#### [Try it]
Word for word, restate the lines of the listing below from the line with "Sweetcrispy Executive Home" through the line with "小孫 晴限さんの天格は13画の5点!", and do not include the pictures.

#### [Given data]
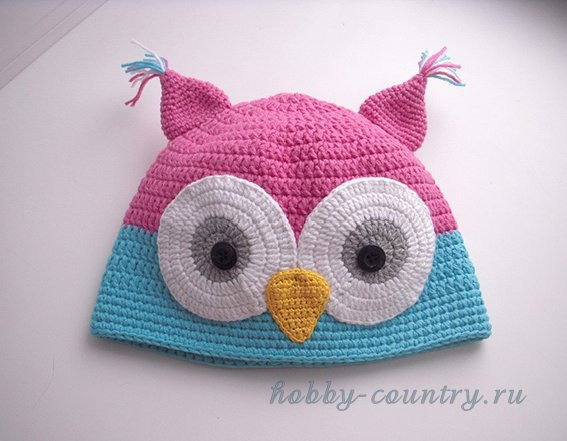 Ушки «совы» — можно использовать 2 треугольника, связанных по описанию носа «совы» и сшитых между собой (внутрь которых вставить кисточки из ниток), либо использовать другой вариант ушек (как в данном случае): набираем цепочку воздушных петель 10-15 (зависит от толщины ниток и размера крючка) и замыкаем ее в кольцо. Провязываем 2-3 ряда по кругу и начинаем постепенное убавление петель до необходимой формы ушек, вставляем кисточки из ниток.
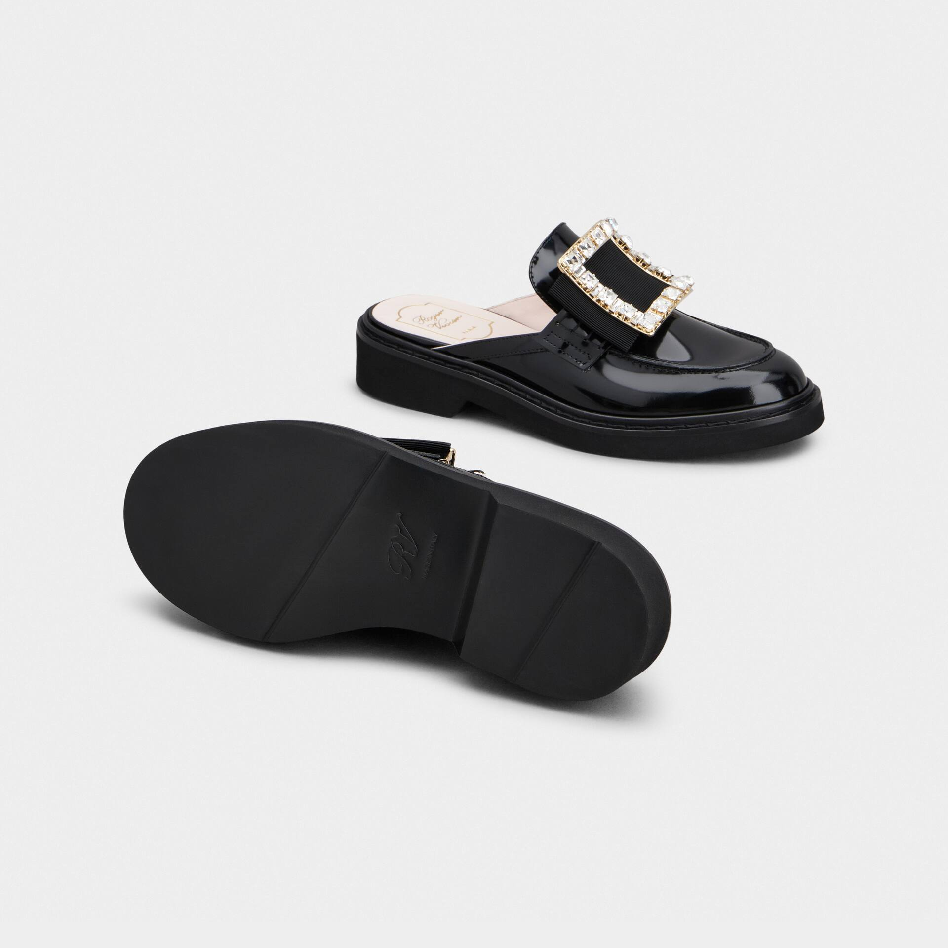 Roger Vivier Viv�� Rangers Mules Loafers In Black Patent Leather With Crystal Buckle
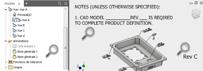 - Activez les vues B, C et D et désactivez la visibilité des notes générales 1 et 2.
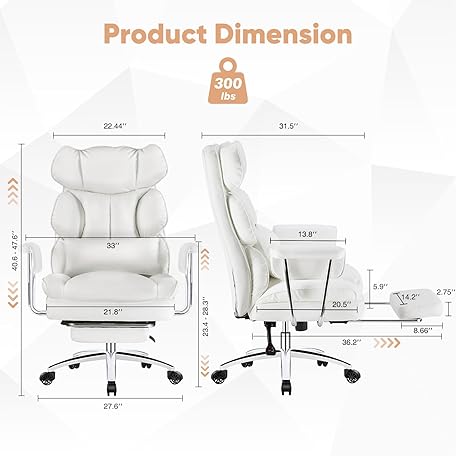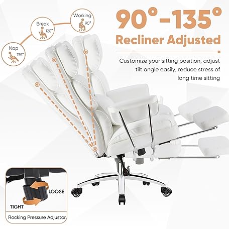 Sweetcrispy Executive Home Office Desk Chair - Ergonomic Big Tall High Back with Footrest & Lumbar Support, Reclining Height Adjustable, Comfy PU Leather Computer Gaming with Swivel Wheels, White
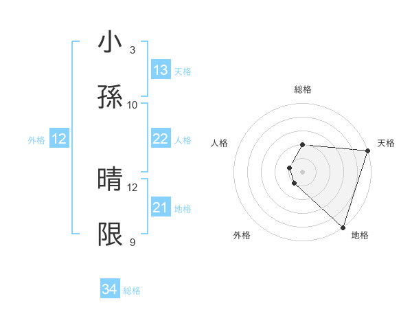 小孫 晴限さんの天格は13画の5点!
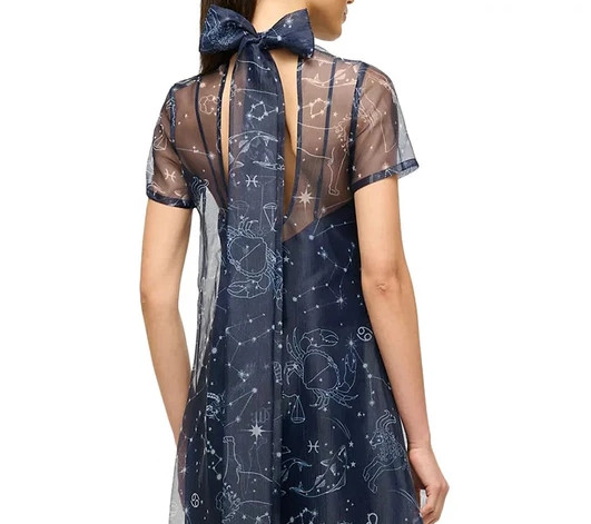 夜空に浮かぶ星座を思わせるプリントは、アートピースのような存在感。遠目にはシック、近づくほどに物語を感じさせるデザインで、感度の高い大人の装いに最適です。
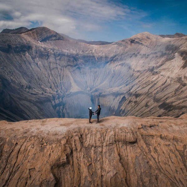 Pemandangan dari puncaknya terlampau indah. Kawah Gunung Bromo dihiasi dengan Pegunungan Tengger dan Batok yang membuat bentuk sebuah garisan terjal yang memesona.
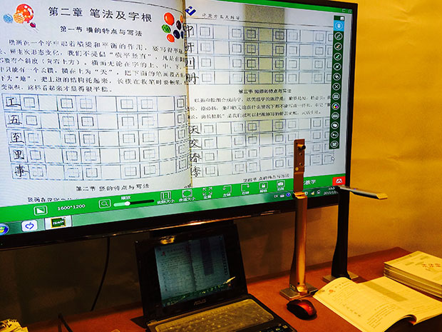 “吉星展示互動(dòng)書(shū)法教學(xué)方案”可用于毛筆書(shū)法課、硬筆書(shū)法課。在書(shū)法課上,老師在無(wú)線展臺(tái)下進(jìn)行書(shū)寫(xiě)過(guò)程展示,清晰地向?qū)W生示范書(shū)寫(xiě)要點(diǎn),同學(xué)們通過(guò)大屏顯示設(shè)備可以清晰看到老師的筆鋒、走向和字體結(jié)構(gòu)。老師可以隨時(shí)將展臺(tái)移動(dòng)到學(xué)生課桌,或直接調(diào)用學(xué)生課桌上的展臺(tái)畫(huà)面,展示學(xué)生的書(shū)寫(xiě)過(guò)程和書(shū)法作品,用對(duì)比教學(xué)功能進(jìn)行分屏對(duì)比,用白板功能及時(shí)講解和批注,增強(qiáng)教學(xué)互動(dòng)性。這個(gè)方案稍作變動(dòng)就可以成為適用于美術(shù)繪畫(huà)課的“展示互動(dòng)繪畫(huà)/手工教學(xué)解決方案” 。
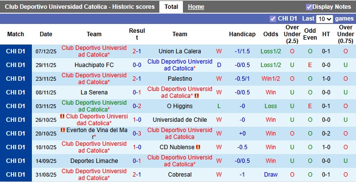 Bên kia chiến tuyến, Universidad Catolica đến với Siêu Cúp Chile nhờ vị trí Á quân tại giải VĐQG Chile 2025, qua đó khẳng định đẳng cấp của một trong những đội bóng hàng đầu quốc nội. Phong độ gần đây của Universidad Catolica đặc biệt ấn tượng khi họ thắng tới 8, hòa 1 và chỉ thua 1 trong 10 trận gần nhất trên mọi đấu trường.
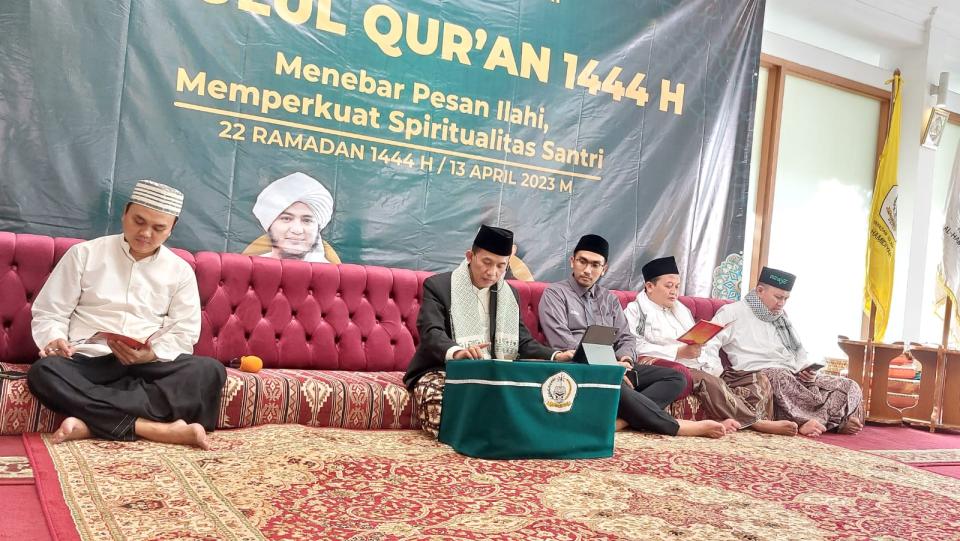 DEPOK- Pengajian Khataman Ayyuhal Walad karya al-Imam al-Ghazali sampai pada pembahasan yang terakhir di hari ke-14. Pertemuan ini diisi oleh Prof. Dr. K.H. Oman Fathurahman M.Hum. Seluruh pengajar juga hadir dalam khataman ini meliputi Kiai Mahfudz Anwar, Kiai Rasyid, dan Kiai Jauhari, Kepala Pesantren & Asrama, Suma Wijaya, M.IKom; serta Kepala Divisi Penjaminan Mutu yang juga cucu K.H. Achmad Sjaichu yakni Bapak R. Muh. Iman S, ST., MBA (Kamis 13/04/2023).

#### [Solution for this exercise]
 Sweetcrispy Executive Home Office Desk Chair - Ergonomic Big Tall High Back with Footrest & Lumbar Support, Reclining Height Adjustable, Comfy PU Leather Computer Gaming with Swivel Wheels, White
 小孫 晴限さんの天格は13画の5点!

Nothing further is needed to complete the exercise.